Mainland financial institutions spent 247.3 billion yuan (HK$301.9 billion) buying foreign currencies last month, down 34 per cent from August, the People's Bank of China said yesterday.
The purchases, the lowest in two months, is a gauge of the amount of capital flowing into China, contributing to foreign exchange holdings.
Foreign reserves increased US$4.2 billion in the third quarter to US$3.2 trillion at the end of last month. This was the lowest single-quarter gain in the past decade, due to a US$60 billion reduction in reserves last month when an outflow of speculative funds and a skidding euro dented the stockpile.
'Investment into the mainland, whether in the form of direct investment in businesses, factories or speculative fund, is likely to decelerate in the coming months,' said Zhao Xijun, a finance professor at Renmin University in Beijing. 'Overseas investors will probably play safe by holding short-term domestic investments or other safe instruments.'
The trade surplus, another source of foreign reserves, is also expected to narrow. Barclays Capital forecast a trade surplus of US$162 billion this year, down from US$183 billion last year as external demand slackens amid world economic weakness.

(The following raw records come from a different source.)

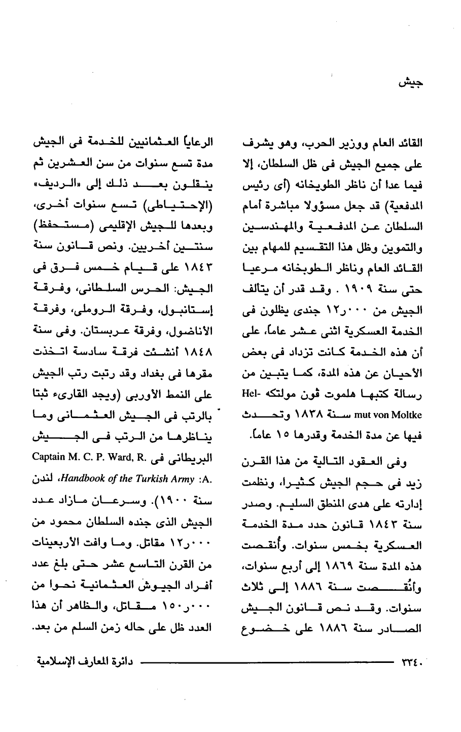 القائد العام ووزير الحرب، وهو يشرف على جميع الجيش في ظل السلطان، إلا فيما عدا أن ناظر الطويخانه (أى رئيس المدفعية) قد جعل مسؤولا مباشرة أمام السلطان عن المدفعية والمهندسين والتموين وظل هذا التقسيم للمهام بين القائد العام وناظر الطوبخانه مرعيا حتى سنة 1909. وقد قدر أن يتألف الجيش من 12,000 جندى يظلون في الخدمة العسكرية اثنى عشر عامًا، على أن هذه الخدمة كانت تزداد في بعض الأحيان عن هذه المدة، كما يتبين من رسالة كتبها هلموت فون مولتكه - Hel mut von Moltke سنة 1838 وتحدث فيها عن مدة الخدمة وقدرها 15 عامًا.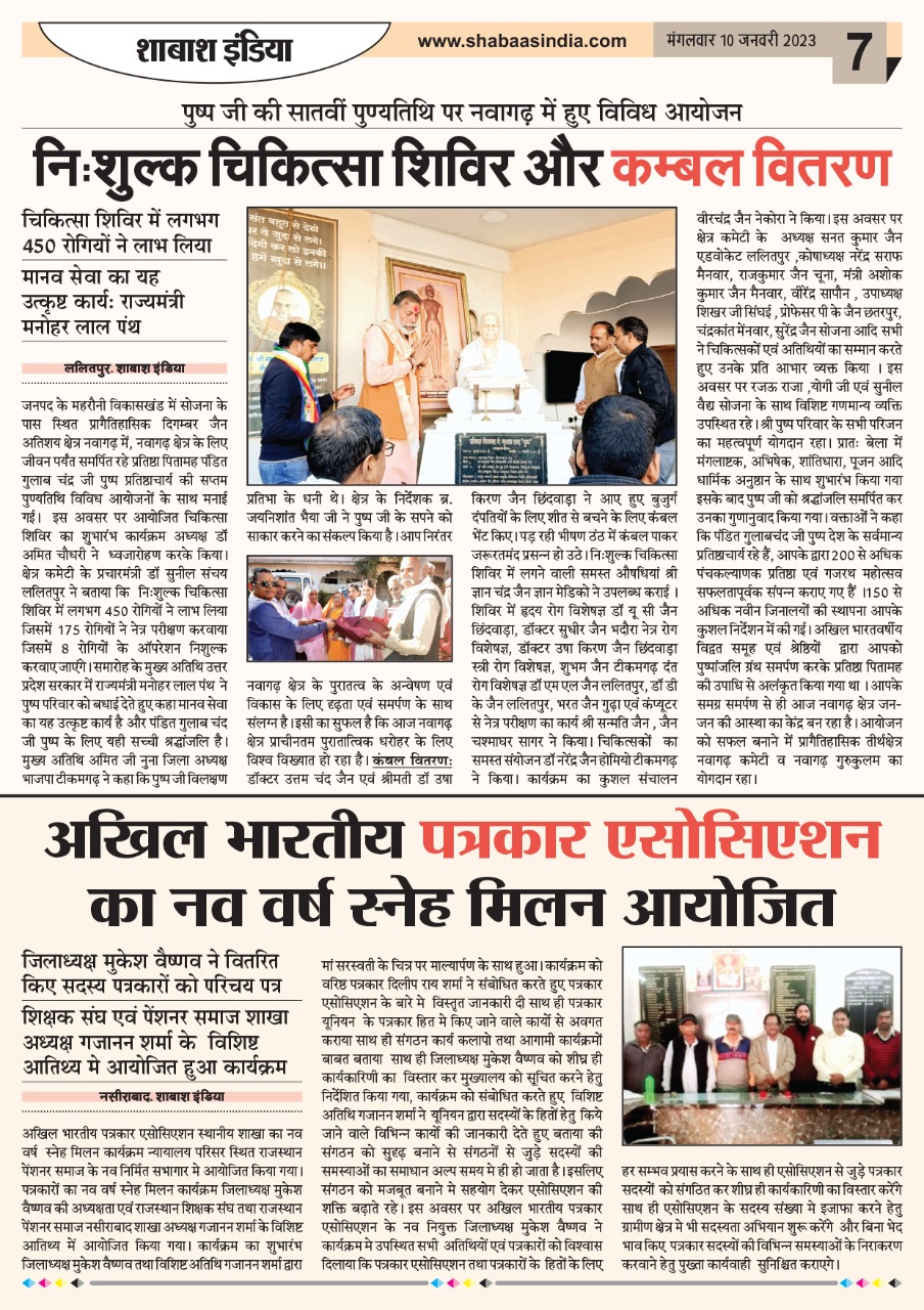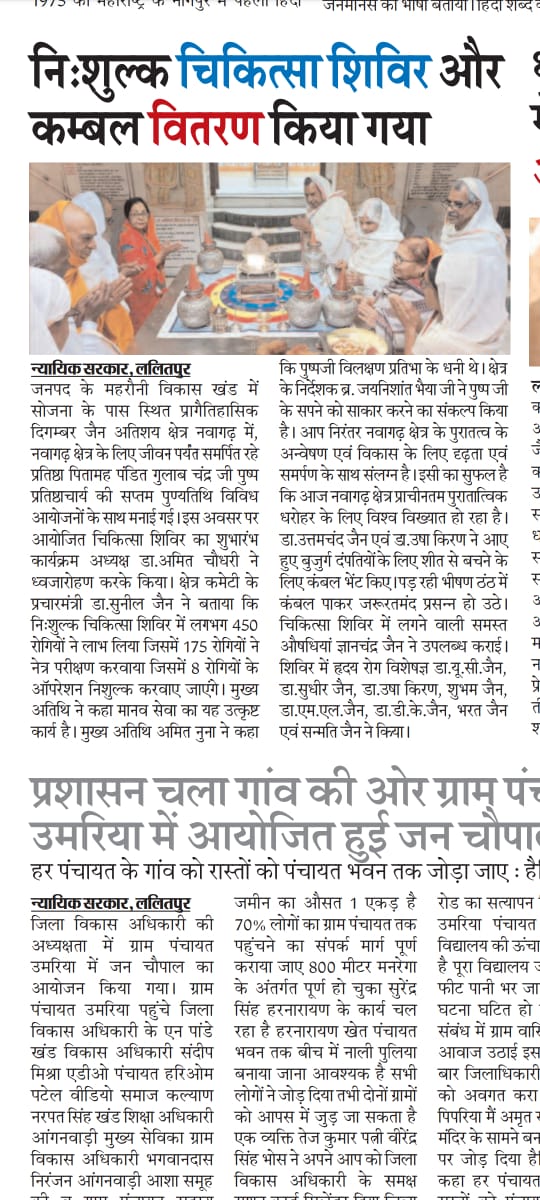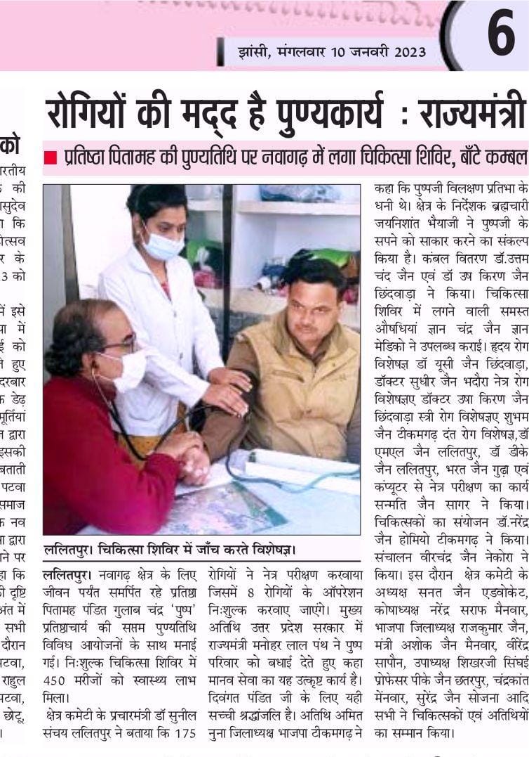 8 जनवरी 2023 को प्रातः 11 बजे से प्रतिष्ठा पितामह पं. गुलाब चंद जी पुष्प की स्मृति में उनके परिवार जनों द्वारा चिकित्सा शिविर, नेत्र परीक्षण एवं आंखों के ऑपरेशन निशुल्क संपन्न किए।महा मस्तकाभिषेक एवं चिकित्सा शिविर-2022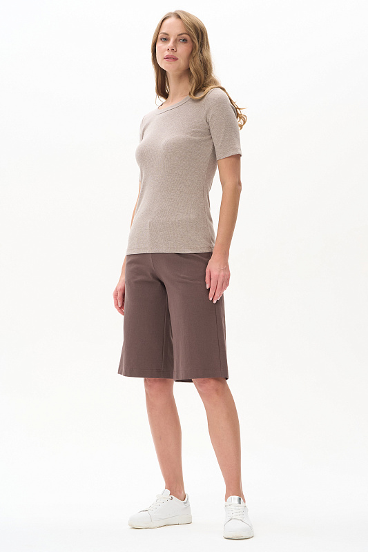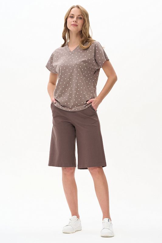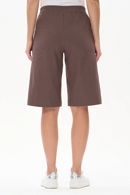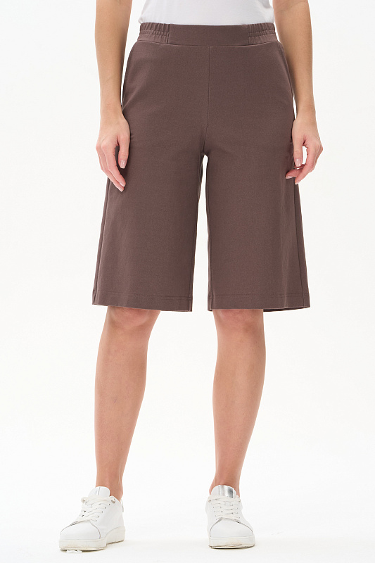 Шорты длиной до колен из джинскота 240 гр в трендовом оттенке Шоколад. Модель с классическими карманами, пояс с планкой и эластичной лентой внутри. Комфортная, универсальная модель для городских образов, отдыха и путешествий. Рост модели 175 см.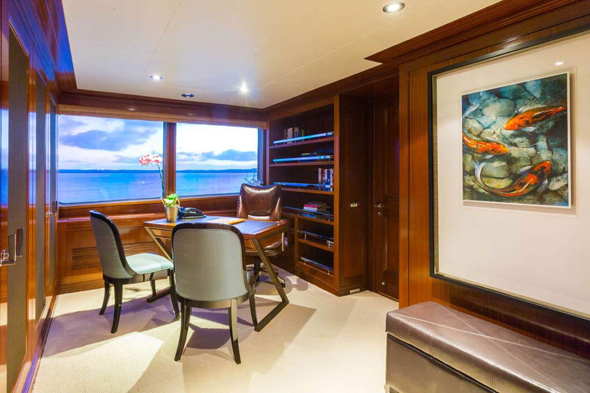 The spacious Guest Office is just forward to port of the Skylounge and features two desks with leather swivel chairs and computer. There is a dayhead located at the top of the midship stairs entering the Bridge deck.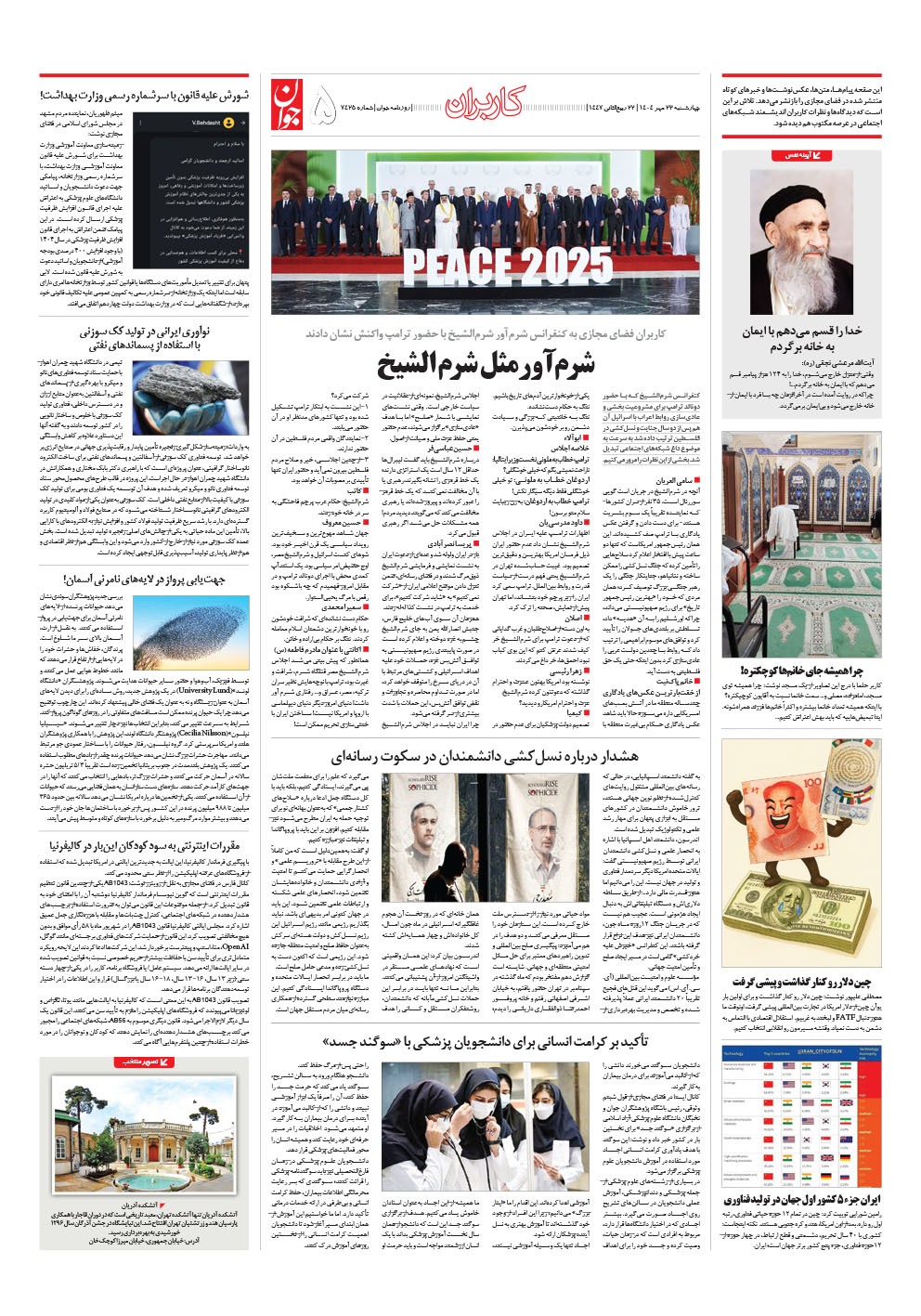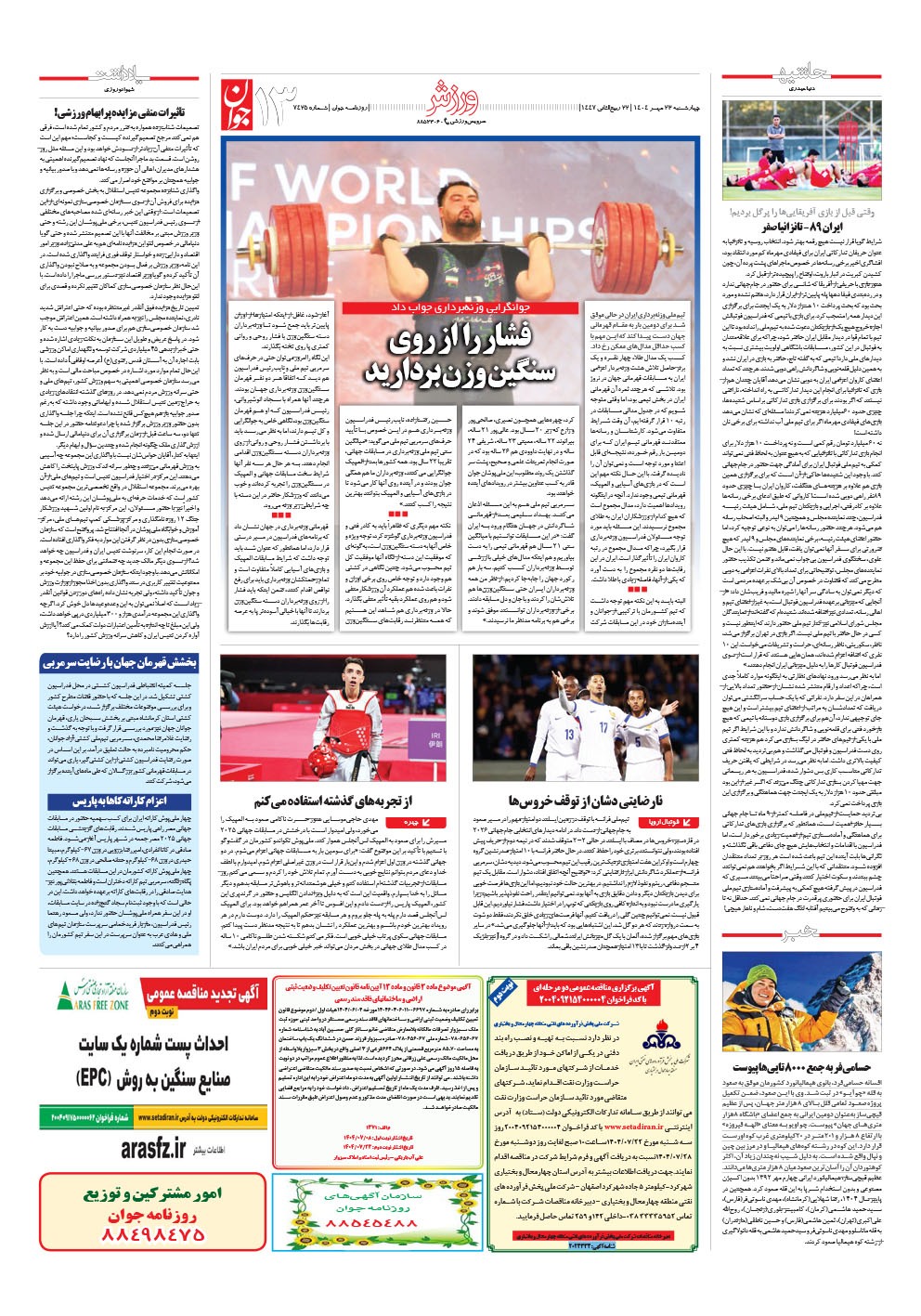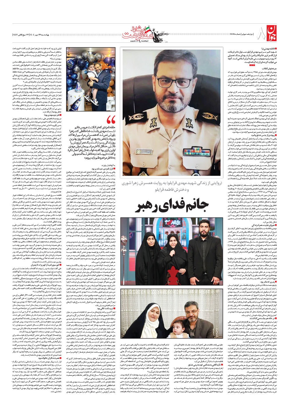 روزنامه جوان - چهارشنبه ۲۳ مهر ۱۴۰۴ - شماره ۷۴۲۵

Wang Tao, an economist at UBS Securities, said that if foreign exchange flows continued to be as depressed as last month, the central bank might need to inject more liquidity or even cut the required reserve ratio for commercial banks to maintain credit growth.
The slowing foreign reserve growth will be welcomed by the central government, which is under fire at home and abroad. Foreign governments point to the rising reserves as evidence of China's currency manipulation.
'September's slower pace of accumulation of foreign reserves, coupled with the narrowing of China's trade surplus, provides ample evidence to counter accusations that China's currency is heavily undervalued,' said Qu Hongbin, an economist at HSBC.
The People's Daily said the nation's foreign exchange manager faced limited diversification choices amid the global turmoil. The commentary said holding US treasuries was a realistic, though imperfect choice.
Reserves could not be used domestically because that would require printing more yuan, worsening inflation.
'Holding US treasuries is not the optimal solution, but a realistic choice under the current circumstances,' the paper said. 'We should push ahead with diversification appropriately and prudently.'
People posted their opinions about the article in a Sina website chat room. '[The government] only knows how to take from the people, not what to do for the people,' one internet user said.